That said, tokenization can still improve certain aspects of illiquid assets, such as fractional ownership or automated workflows for specific use cases. However, it does not inherently solve the core problem of infrequent trading, opaque valuations, and wide bid-ask spreads that hinder these assets from becoming reusable capital or collateral on a large scale.

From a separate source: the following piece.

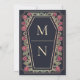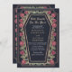 Faça uma declaração ousada de amor eterno. Este convite de casamento gótico apresenta "Até a morte nos separe" em um quadro em forma de caixão, enfeitado com espinhos, rosa e sotaques de ouro rosa contra fundo azul profundo. Perfeito para uma comemoração romântica assombrosa! Personalize o texto, a fonte e a cor de fundo para se adequar às suas preferências de design. Correspondência de Itens em nosso compro para um tema completo de festa. Note que o ouro de rosa do convite NÃO é folha de alumínio real e é impresso em cores planas.
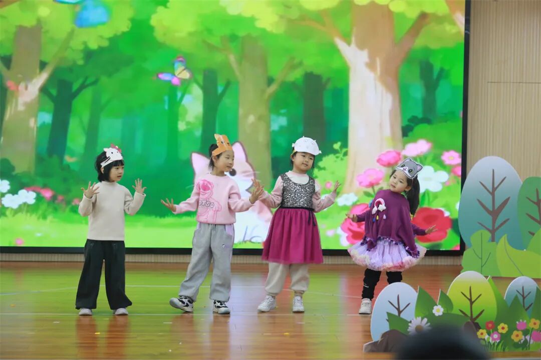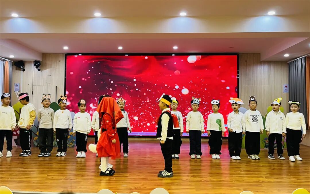 舞台上,孩子们不再是“听众”,而是故事的“主角”——他们自信地走位、大声地表达、投入地表演,眼神里满是光芒。台下,家长们不时鼓掌、拍照,有的家长感慨:“没想到孩子能记住这么多台词,还会和同伴配合,真的长大了!”

Collateral, risk, and regulatory clarity
Another crucial consideration is how tokenized assets fit within existing legal and regulatory frameworks. Digital dollars, government bonds, and large corporate debt enjoy well-established status and accountability, making it easier for institutions to adopt tokenized formats within current law. By contrast, the legal and custody uncertainties surrounding NFTs and certain RWAs can impose higher risk, potentially offsetting the technical benefits of tokenization. In Serrano’s view, that combination helps explain why major tokenization efforts tend to prioritize liquid assets first, paving the way for broader institutional participation as the framework becomes clearer.
The broader implications are clear: as regulators and markets gain comfort with tokenized liquidity and standardized instruments, tokenization could accelerate the efficiency and resilience of traditional markets. The practical reality, for now, is that liquidity and regulatory clarity are the gatekeepers of adoption. Where those two conditions align, tokenization can deliver faster settlement, real-time collateral management, and more efficient capital deployment.
Industry observers have noted that authorities are actively exploring tokenization pathways. For example, coverage in the broader market has highlighted pilots and research into tokenized government debt and related digital finance experiments supported by central banks and regulatory bodies. These developments underscore the trend Serrano highlights: tokenization is most powerful when it aligns with the core fabric of the financial system, not merely as a speculative overlay.
What to watch next
The path forward, according to Serrano, hinges on two intertwined dynamics: expanding tokenization into broadly demanded assets while keeping a clear, enforceable regulatory framework. Investors and builders should monitor the rollout of tokenized government debt and stablecoins as primary indicators of whether the market can sustain scalable, low-friction financial rails on-chain. At the same time, the continued experimentation with NFTs and RWAs will reveal how quickly a path toward standardization and risk management can be forged for the more idiosyncratic assets.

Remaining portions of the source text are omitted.